AfricaDotNet
www.AfricaDotNet.com Continues the .NET Conversation in Africa

SQL Server partitioning

rated by 0 users
This post has 1 Reply | 1 Follower

Top 10 Contributor
Male
Posts 22
Ben Chege Posted: 05-16-2009 1:53 AM

Normal 0 false false false EN-US X-NONE X-NONE MicrosoftInternetExplorer4

While the feature has been available on sql server 2005, I tend to think that most people don’t use it since when people upgrade databases they don’t look for new features in the new version that the new version has to offer.

One of these features is partitioning tables, basically the feature enables you to split your table into partitions for faster retrieval, a whole article is here (http://msdn.microsoft.com/en-us/library/ms345146(SQL.90).aspx) but an overview wouldn’t hurt.

The idea is to spit the table based on values of a certain field maybe a date or a month if you have too much data coming into the table per day or month. The field is called the Partitioning Key, you need to create a Partitioning function that basically states where the data should be moved to in ranges. Then you need to create a Partition Scheme to direct the partitions to specific filegroups. When you define a partition scheme, you must make sure to name a filegroup for every partition, even if multiple partitions will reside on the same filegroup. If all partitions are to reside on the same file group you can create the scheme on the PRIMARY filegroup. Then finally create a table that uses that Partition Scheme.

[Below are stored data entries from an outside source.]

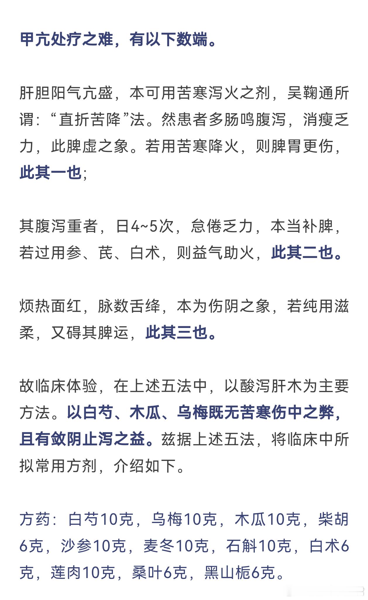 甲亢属于难治病,西医需要长期服药、疗程长且易复发。中医涉及多个脏,病机互相矛盾,常见的处方偏性大、多用毒药,无法推广和长期服用。下午我看到天津医科大学总医院中医科王士相教授论治甲亢病机以及自拟的甲亢煎,深感钦佩,分享之——白芍10克,乌梅10克,木瓜10克,柴胡6克,沙参10克,麦冬10克,石斛10克,白术6克,莲肉10克,桑叶6克,黑山栀6克这个方子平和安全,很多是药食同源,王士相教授说大多数甲亢患者服用1月左右即能改善症状,后续可做成丸,连服4-6月以资巩固王教授分析了甲亢治疗的难点:清肝则碍脾,补脾则助火,滋阴则不运,甲亢煎规避了这三大弊端,所以可以久服,逐渐取效
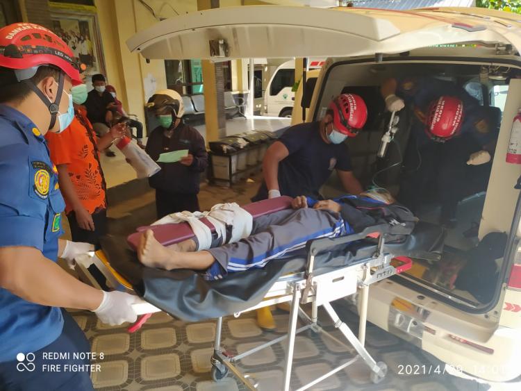 Setelah menerima laporan dari saksi, tim ambulance damkar kabupaten magelang menindak lanjuti laporan dan menuju ke lokasi untuk melakukan pertolongan : 1. Stabilisasi korban 2. Cek kondisi umum - Tn. Paryono (CKB dan Dislokasi tumit kanan) - An. Restu (kesan MD dinyatakan MD dilokasi oleh dokter RSU Muntilan pukul 14.15) 3. pemasangan head stabilizer (neckolar) 4. pemberian 02 masker 8 lpm (Tn. Paryono) 5. Pembidaian dislokasi (Tn. Paryono) 6. Evakuasi ke IGD RSUD Muntilan
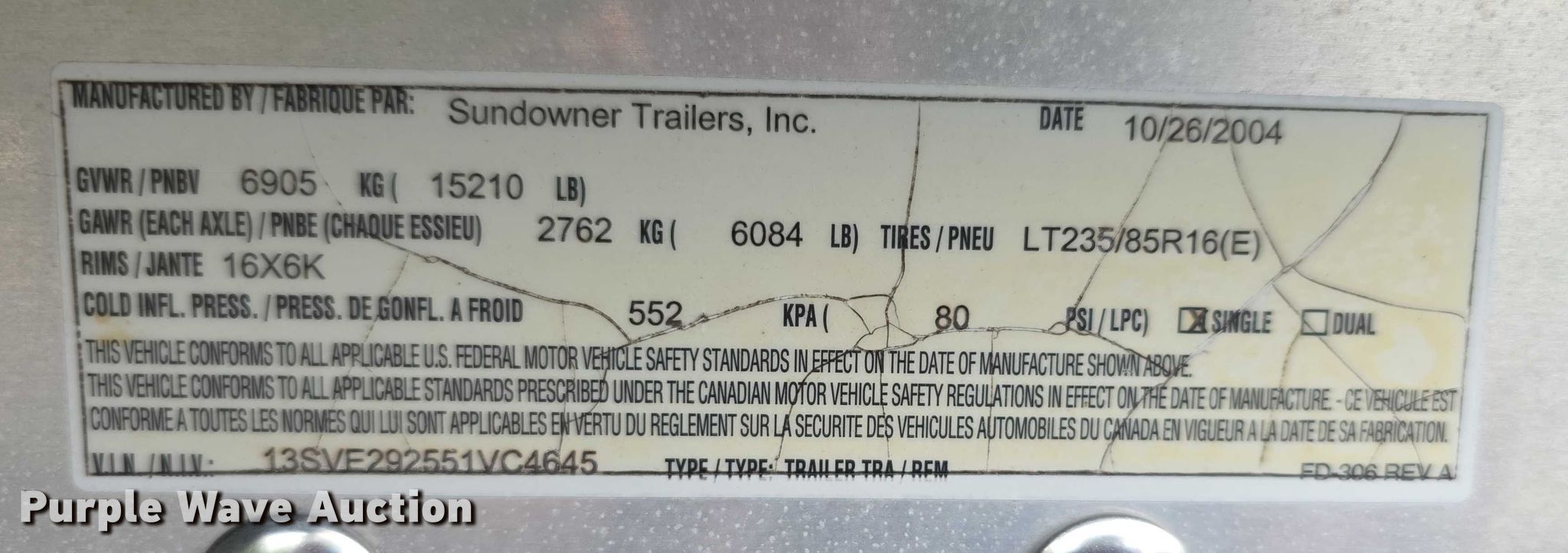 Purple Wave is selling a used Livestock Trailer in Kansas. This item is a 2005 Sundowner Sunlite 727 horse trailer with the following: VIN: 13SVE292551VC4645

I will try and do the above for a trouble ticketing system for a GSM company that has issues left right and center.

FileGroups:

If you want to place a partitioned table on multiple files for better I/O balancing, you will need to create at least one filegroup. Filegroups can consist of one or more files, and each partition must map to a filegroup. A single filegroup can be used for multiple partitions but for better data management, such as for more granular backup control, you should design your partitioned tables so that only related or logically grouped data resides on the same filegroup. Using ALTER DATABASE, you can add a logical filegroup name, and then add files. To create a filegroup named 2009Q1 to 2009Q4 for the TroubleTickets database, use ALTER DATABASE in the following way:

If you need to add files groups to your database run the alter database commands as seen below.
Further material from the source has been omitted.